The Tuesday law was passed in 1845. Instead of changing it, many legislators are pushing in the opposite direction: trying to selectively suppress their opponents' votes further. If it hurts them more than us, it's a worthy goal!

I agree with GP. Transparency is more important than precision in democracy.

Good engineering is about choosing the right technology, not just the more recent one. Sometimes the right technology is paper.

Says who? Also, what does "accurate" here actually mean?

Speaking as someone who actually understands computers and machines: I agree with the commons (who are simpletons with regards to computers and machines) that machines cannot be trusted to be "accurate" (whatever that means) or even trusted in general.

Especially when a simpler, confirmable-by-anyone method exists: Having someone count paper ballots by hand in the presence of anyone and everyone. That includes mistakes and errors. The value here is anyone and everyone can and will immediately understand (and thus accept) what is going on.

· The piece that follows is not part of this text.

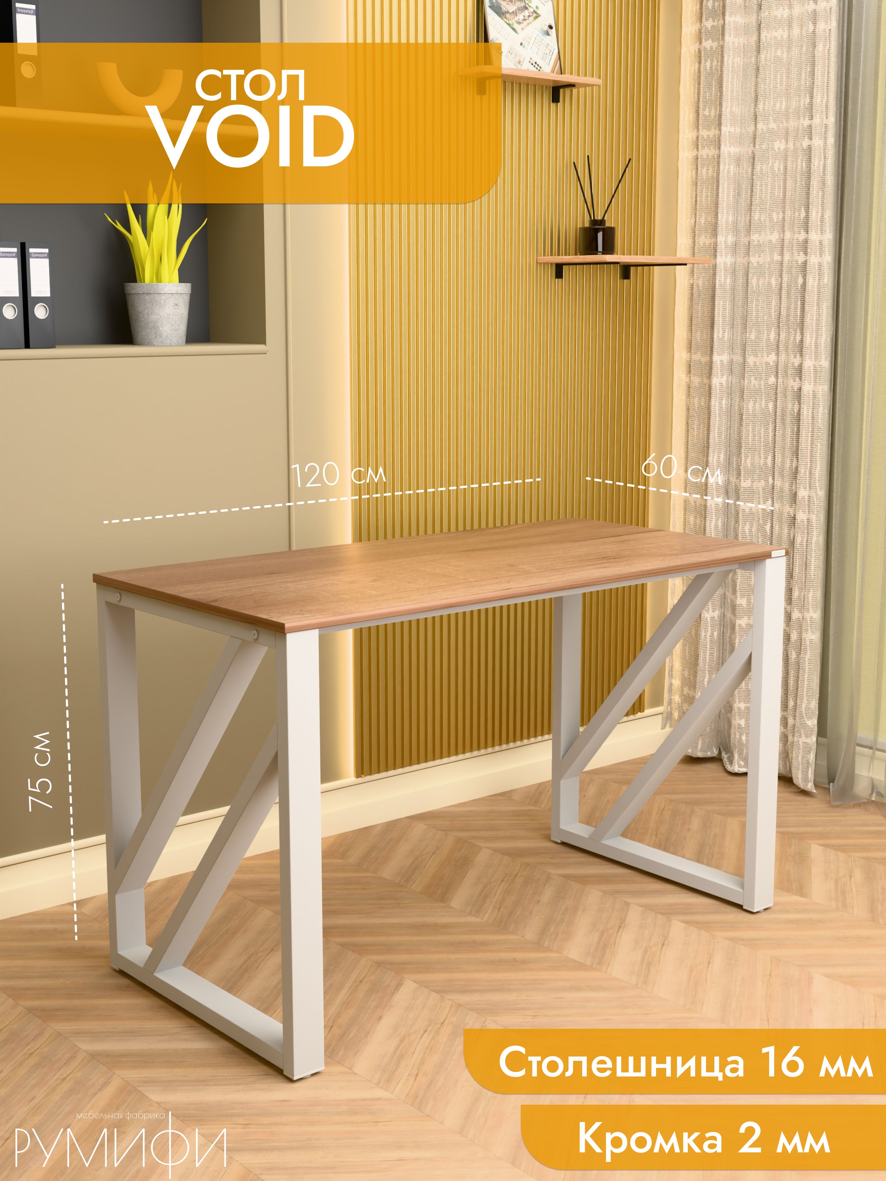 Модель Void отличается эффектным дизайном с диагональными перекрестными элементами на опорах. Благодаря такой конструкции стол выглядит технологично и современно, гармонично вписываясь как в офисное пространство, так и в домашний интерьер. Металлическое подстолье покрыто прочной порошковой краской, устойчивой к сколам и коррозии. Столешница из ЛДСП премиум с защитной кромкой гарантирует долговечность и удобство в эксплуатации. Размеры: ширина 120/135/155 см, глубина 60/70 см. Цвета: белая, антрацит, ателье светлый, дуб Сонома, дуб Табак. Цвет подстолья: белый или черный. Void — стильный акцент в интерьере с продуманной эргономикой.
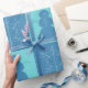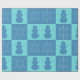 A trendy checkerboard pattern in shades of blue features a simple snowflake and a snowman. Perfect for wrapping those winter holiday gifts.

Also, why are we even putting the integrity of the very foundation of our democracy on the table in exchange for convenience and cost of all things? Are we serious? It should be a good thing we are taking precious time and money to make sure our democracy is working properly. I thought democracy was actually fucking important.

I've written some code at a previous job to simplify data entry. The previous method was adding numbers from a stack of papers, with a calculator. I trust my code to add up the numbers on the computer over a human reading them from a printout and entering them in a calculator.

Humans make mistakes. A lot.

To put some numbers on this, from my experience.

Health insurance manual claims processors (who usually average ~5 years of experience) can do 95+% accuracy, at speed (a few minutes), at scale. That's counting and verifying multiple things against processing rules.

General data entry, from less trained folks, tends to average around 85% accurate (i.e. 15 mistakes + 85 entries correct, out of 100 entries).